BACKGROUND: Mounting evidence suggests that lung adenocarcinoma (LAC) and lung squamous cell carcinoma (LSC) have different biological behaviors and therapeutic regimens in clinical practice. However, limited improvements in molecular differential diagnosis of the two entities have been achieved in recent decades. We aimed to find novel markers that could define non-small cell lung cancer (NSCLC) subtypes. METHODS: We first explored publically available databases to search for DNA methylation signatures that enable a precise discrimination of LAC and LSC. Next-generation sequencing (NGS) was then used to analyze the methylation status and sites of candidate genes in LAC/LSC tissue samples, and a quantitative methylation-sensitive PCR (qMS-PCR) assay was conducted to test the performance of the selected maker in tissue samples and bronchoalveolar lavage fluid (BALF) specimens. RESULTS: We screened 19 top-ranked methylation loci that are differentially methylated between LAC and LSC. Among these hits, 6 methylation sites are enriched within the PREX1 gene promoter, thus becoming our focus. NGS analysis confirmed markedly higher PREX1 methylation levels in LAC than in LSC and revealed the right sites for detection of PREX1 methylation.
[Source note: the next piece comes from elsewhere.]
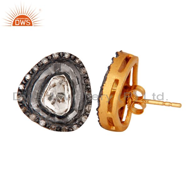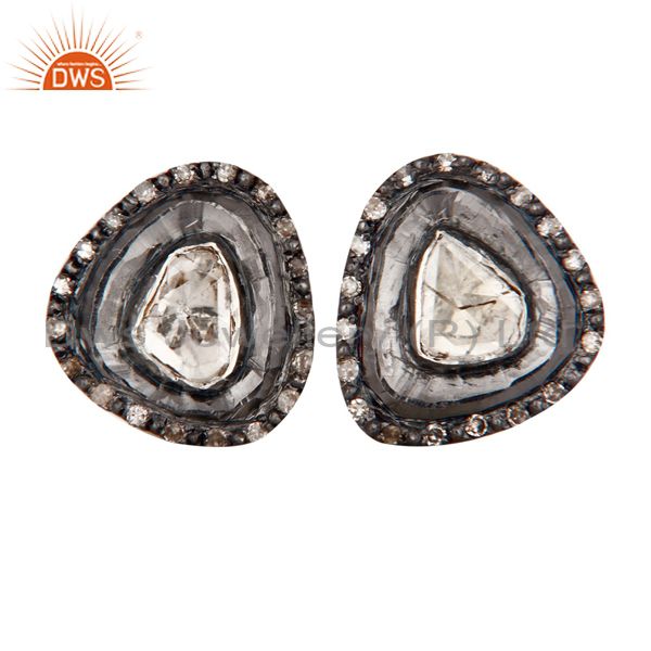 Antique Deco 18k Gold & 925 Silver Old Mine cut Antique Diamond Studs Earrings

Furthermore, PREX1 methylation analysis in lung cancer tissue samples defined 9 of 11 pathologically proven LACs, as well as 12 of 14 LSCs. In addition, ~ 80% LAC BALF samples showed methylated PREX1 compared to substantially lower test positivity (0-9%) of it in LSC and other lung conditions (P < 0.01). CONCLUSION: Our pilot study identified a unique epigenetic signature that could effectively distinguish LAC from LSC in various lung samples. It may enhance our in-depth understanding of the biology of lung cancer and pave the way for better accurate diagnosis and treatment stratification in the future.